Bei ausgewogener Ernährung mit ausreichend Obst und Gemüse ist eine Unterversorgung in Deutschland unwahrscheinlich. Die DGE empfiehlt 95–110 mg täglich für Erwachsene. Risikogruppen:
Raucher (erhöhter Bedarf durch oxidativen Stress)
Menschen mit sehr gemüse- und obstarmer Ernährung
In Stressphasen mit erhöhtem Bedarf
Vitamin C und das Immunsystem
Der populäre Glaube, Vitamin C verhindere Erkältungen, ist wissenschaftlich nicht eindeutig belegt. Studien zeigen: Vitamin C trägt laut EFSA zur normalen Immunfunktion bei — eine Megadosis-Einnahme bei bereits bestehender Erkältung zeigt laut aktueller Studienlage keinen gesicherten Zusatznutzen gegenüber der normalen Versorgung.

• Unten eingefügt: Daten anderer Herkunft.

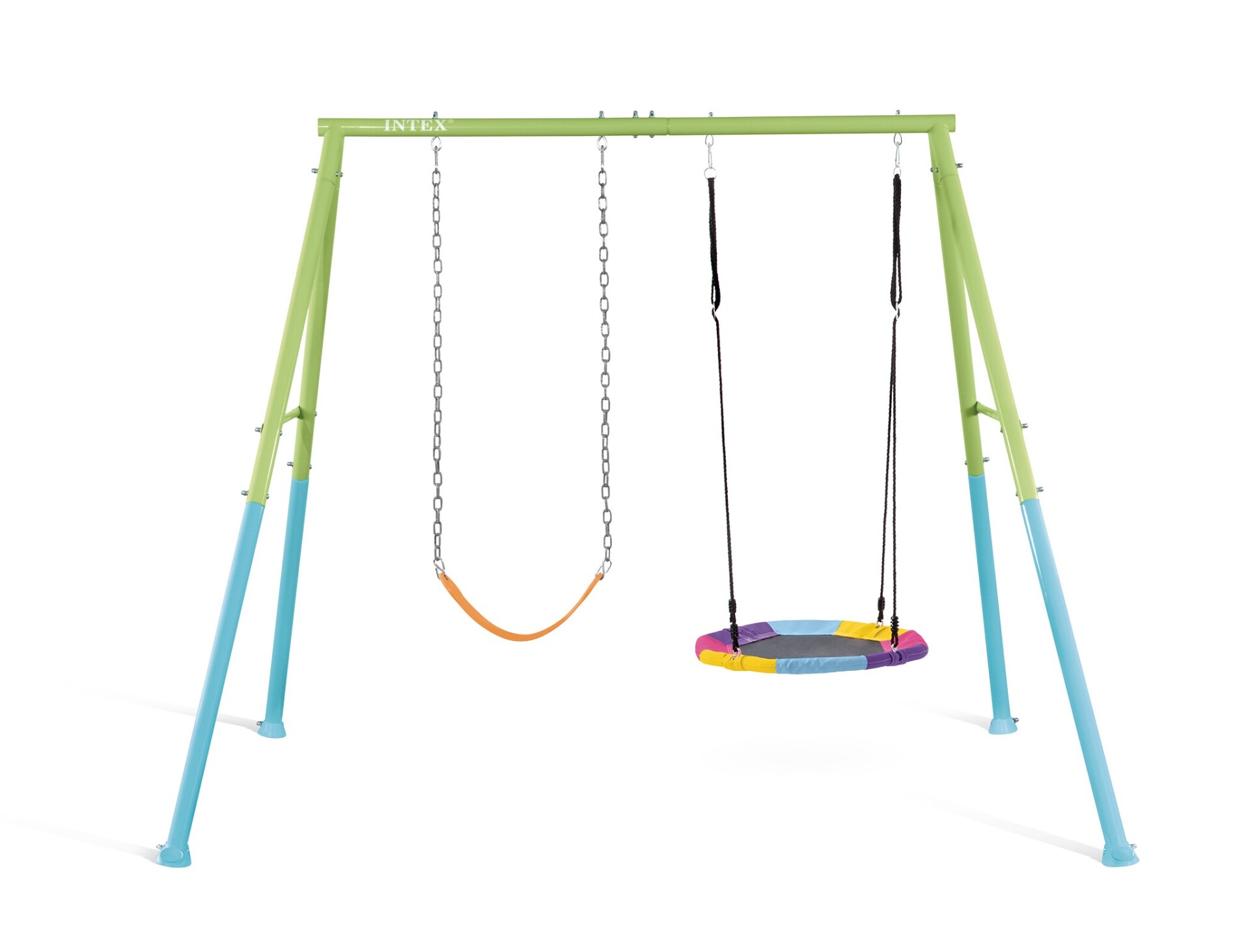 Lots of outdoor fun thanks to this toy with two different swings next to each other. The bird's nest swing can accommodate 2 children. Children can also invite their friends to play in the garden, because in addition to the saucer swing, this unit also has a height-adjustable chain swing with a flexible seat. Intex's durable, sturdy design makes this device a safe toy that kids will use for years to come.

Eine Metaanalyse (Hemilä & Chalker, 2013) untersuchte Vitamin C und Erkältungen: Bei regulärer Einnahme wurde eine leichte Verkürzung der Erkältungsdauer beobachtet — bei Einnahme erst nach Symptombeginn nicht.
Hochdosiertes Vitamin C: 1.000 mg und mehr
Hochdosiertes Vitamin C wird in der Forschung zu verschiedenen Anwendungsgebieten untersucht. Was bekannt ist: Die Aufnahme ist sättigbar — ab ca. 200 mg nimmt die relative Absorption ab. Dosen über 2.000 mg täglich können bei manchen Menschen Verdauungsbeschwerden verursachen.
Vitamin C Formen
Ascorbinsäure: Günstigste Form, identisch mit körpereigenem C, leicht sauer
Natriumascorbat: Magenschonender (gepuffertes C), für empfindliche Mägen
Calciumascorbat / Ester-C: Wird länger in weißen Blutkörperchen gehalten laut Studien
Liposomales Vitamin C: Höhere Bioverfügbarkeit bei Hochdosierung in Studien — teurer
Qualitätskriterien
Ascorbinsäure oder Natriumascorbat als Basis
Kein unnötiger Zusatzstoff
Bei hochdosierten Präparaten: Drittlabor-Zertifizierung
Hinweis: Dieser Artikel dient ausschließlich der allgemeinen Information und stellt keine medizinische Beratung dar. Nahrungsergänzungsmittel ersetzen keine ausgewogene Ernährung und keinen Arztbesuch. Bei gesundheitlichen Beschwerden wende dich bitte an medizinisches Fachpersonal.